== Task details ==
The listing below should be printed exactly, every line of it. Skip the pictures.

== Dataset excerpt ==
..........

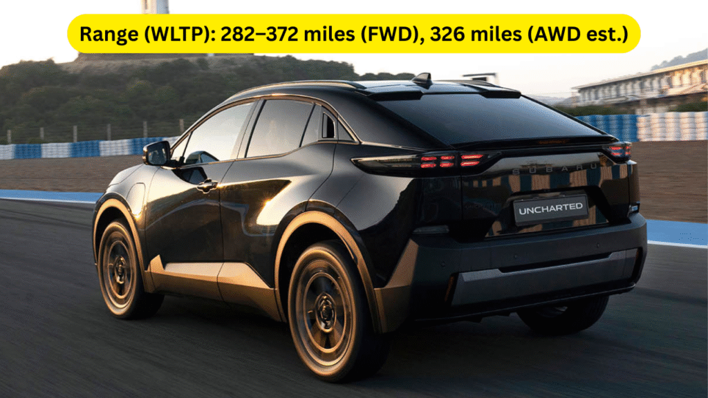 Depending on configuration, the Subaru Uncharted offers between 282 miles (FWD base) and 372 miles (Long Range FWD). The AWD version is expected to cover around 326 miles on a single charge.
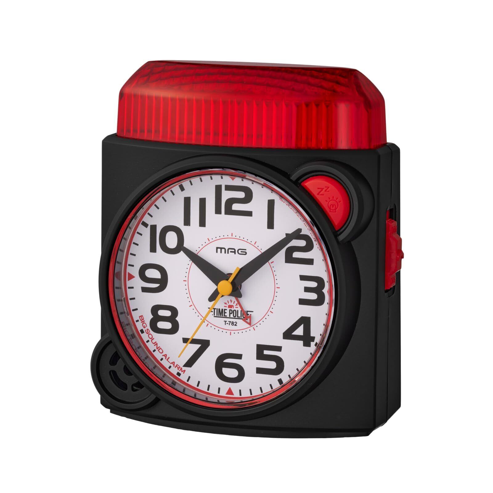 MAG(マグ) 目覚まし時計 置き時計 アナログ 大音量 うるさい サイレン パトランプ 光る 起こす 小学生 子供 プレゼント 静音 連続秒針 電子音 アラーム スヌーズ ライト ブラック タイムポリス T-782A BK-Z ノア精密
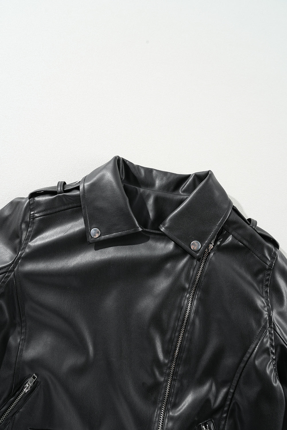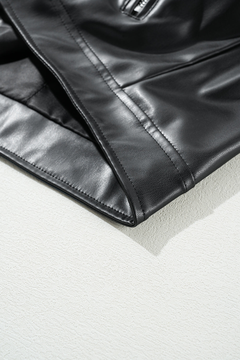This black PU leather jacket features a stylish lapel collar and a functional zipper, making it the perfect combination of fashion and practicality. The sleek design is versatile and can easily be dressed up or down. Experience the durability and timeless style of this must-have jacket.

..........

== Result of the exercise ==
 Depending on configuration, the Subaru Uncharted offers between 282 miles (FWD base) and 372 miles (Long Range FWD). The AWD version is expected to cover around 326 miles on a single charge.
 MAG(マグ) 目覚まし時計 置き時計 アナログ 大音量 うるさい サイレン パトランプ 光る 起こす 小学生 子供 プレゼント 静音 連続秒針 電子音 アラーム スヌーズ ライト ブラック タイムポリス T-782A BK-Z ノア精密
This black PU leather jacket features a stylish lapel collar and a functional zipper, making it the perfect combination of fashion and practicality. The sleek design is versatile and can easily be dressed up or down. Experience the durability and timeless style of this must-have jacket.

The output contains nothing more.